Studies in zebrafish and Xenopus showed that the proportion of cells allocated to pancreatic endoderm could be increased by treating embryos with RA toward the end of gastrulation (19,20). Preliminary studies in our laboratory indicated that a 24-h pulse with RA was also able to induce GFP expression in differentiating Pdx1GFP/w ES cells and that continuous presence of RA was not required (data not shown). To determine the optimal concentration of RA in our system, ES cells differentiated for 4 days were treated with various concentrations of RA for 24 h and observed for subsequent GFP expression (Fig. 2A). The highest proportion of GFP+ EBs (>90%) formed when cultures were treated with 10−5 mol/l RA. This number peaked 3–4 days following RA treatment and decreased gradually over the next 7 days. To determine whether the time of treatment influenced the frequency of GFP+ EBs, cultures were pulsed with RA for 24 h between days 2 and 10 of differentiation. These experiments indicated that exposure of EBs to RA at day 4 yielded the highest percentage of GFP+ EBs (Fig. 2B). Examination of day 8 EBs from these cultures revealed that GFP expression was localized to epithelial structures (Fig. 2C), often in close proximity to cardiac mesoderm (data not shown).

Flow cytometric analysis indicated that GFP+ cells present in day 8 EBs treated with RA at day 4 coexpressed the epithelial marker E-cad (Fig. 3A). To determine the developmental stage represented by the GFP+ cells, RT-PCR analysis was performed on RNA from cells isolated on the basis of GFP and E-cad expression. The purity of the sorted populations was verified by RT-PCR analysis, showing that cells expressing Pdx1 and E-cad RNA were confined to GFP+ and E-cad+ fractions, respectively (Fig. 3B). This analysis indicated that the GFP+ population expressed endoderm markers including Foxa2, Hnf4α, Hnf6, and Hnf1β. Although these cells did not express genes associated with later pancreatic differentiation, the expression of Ptf1a suggests that a proportion of the GFP+ population was committed to pancreatic endoderm (21) (Fig. 3B).

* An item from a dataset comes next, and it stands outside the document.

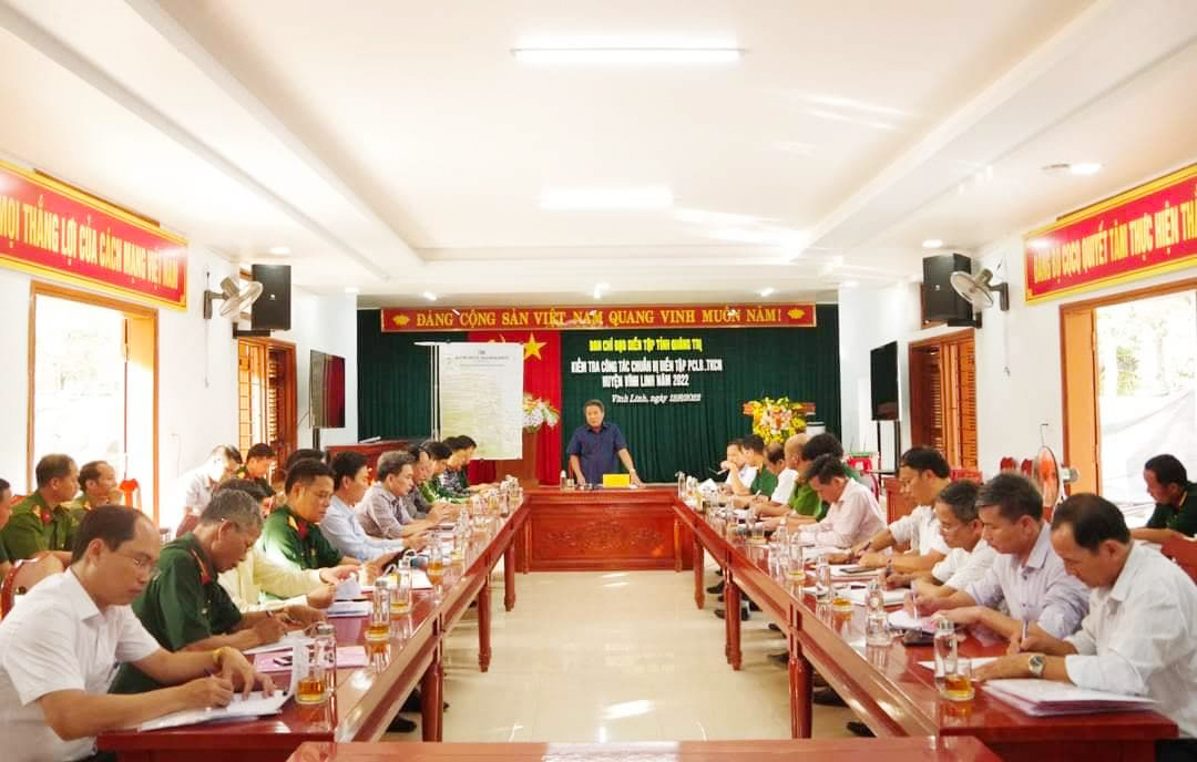 Qua kiểm tra các khu vực diễn tập thực binh theo kế hoạch, Đoàn đã nghe báo cáo kết quả công tác chuẩn bị và ý định diễn tập PCLB-TKCN của huyện Vĩnh Linh năm 2022. Theo kế hoạch, cuộc diễn tập dự kiến sẽ diễn ra vào khoảng trung tuần tháng 9, với 2 giai đoạn: Giai đoạn vận hành cơ chế; giai đoạn thực hành ứng phó lụt bão và tìm kiếm cứu nạn.

The efficient differentiation of ES cells into β-cells will require the optimization of a series of steps corresponding to the sequential stages of pancreatic development (11). To facilitate the isolation of pancreatic endoderm from differentiating ES cells, we used gene targeting to insert the gene encoding GFP into the Pdx1 locus. Analysis of chimeric embryos generated with Pdx1GFP/w ES cells showed that the pattern of GFP expression mirrored that previously reported for Pdx1, and GFP+ cells isolated by flow cytometry expressed Pdx1 RNA. These data led us to conclude that GFP expression faithfully reported expression of the endogenous Pdx1 gene and therefore provided a reliable marker of cells within the pancreatic endoderm differentiation pathway. Consistent with findings of studies in zebrafish and Xenopus (19,20), our experiments show that Pdx1 expression was induced in differentiating ES cells treated with RA. Analysis of these Pdx1+ cells shows that they expressed a suite of transcription factor genes diagnostic of early foregut endoderm present in the mouse embryo between E8.5 and E9.5 (11). Time course analysis showed that GFP expression diminished by day 14 of differentiation, suggesting that additional factors were required to guide further pancreatic differentiation.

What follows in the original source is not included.